Retype, please, the listing from its opening line through the line that contains "laskulle ja varaukselle.", both included, without the pictures.

§ **Given material**

• • • • •

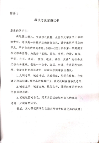 本次活动在2021年1月3日由辅导员带领各班级、团支部开展诚信及安全主题班会,通过主题班会和诚信与安全专题讲座等形式,对学生进行诚信安全教育,进一步引导学生更加坚定理想信念。在学校期间,考试期间就是学生的一个诚信体现。因此我系组织了全系学生签《考试与诚信承诺书》,加强学生的诚信意识和诚信素质。
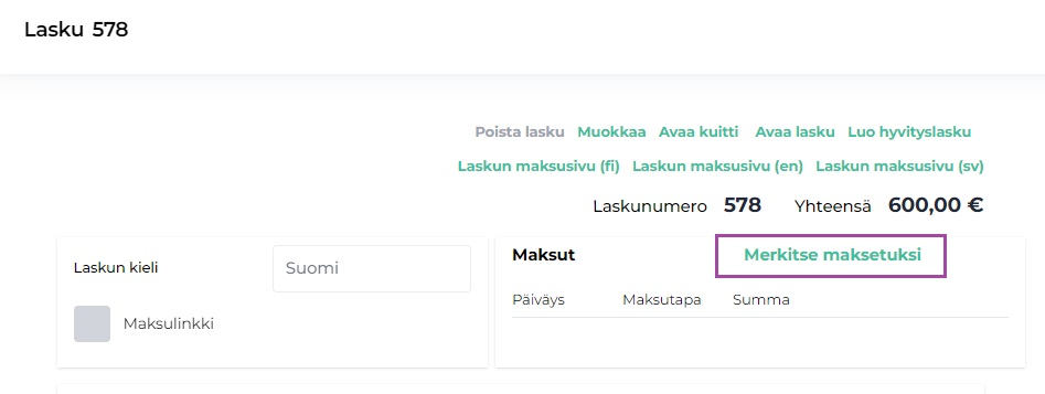 Paina "Merkitse maksetuksi" -painiketta laskulla. Tämä luo maksumerkinnän laskulle ja varaukselle.
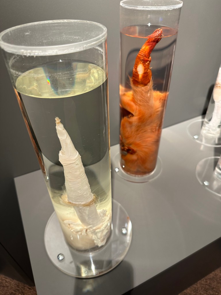 Some highlights of our stay in the city were going to the National Museum of Iceland which told the history of the country from the founding of Iceland from 870-930 CE, its conversion to Christianity around A.D. 1000, and had Viking treasures and artifacts, wood carvings, and some unusual whalebone carvings, as well as maritime objects, historical textiles, jewelry, and craft objects, At the museum, I learned of the name of the original Nordic settler to the country whose name was Ingolfur Arnarson. But what truly amazed Elliot and me in all of our museum going was visiting the one and only repository of its kind in the world, the Icelandic Phallological Museum, commonly known as the “penis museum.” This iconic museum, located near the harbor area, is dedicated to the male genitalia of mammals from around the world. The museum supposedly houses 280 specimens from 93 different species, according to Fodor’s Travel guide of Essential Iceland. In fact, there were so many specimens preserved in formalin that I was getting dizzy from seeing so many of these mammalian genitals. Of course, I took some choice pics of these preserved genitalia for your edification.

• • • • •

§ **Task output**
 本次活动在2021年1月3日由辅导员带领各班级、团支部开展诚信及安全主题班会,通过主题班会和诚信与安全专题讲座等形式,对学生进行诚信安全教育,进一步引导学生更加坚定理想信念。在学校期间,考试期间就是学生的一个诚信体现。因此我系组织了全系学生签《考试与诚信承诺书》,加强学生的诚信意识和诚信素质。
 Paina "Merkitse maksetuksi" -painiketta laskulla. Tämä luo maksumerkinnän laskulle ja varaukselle.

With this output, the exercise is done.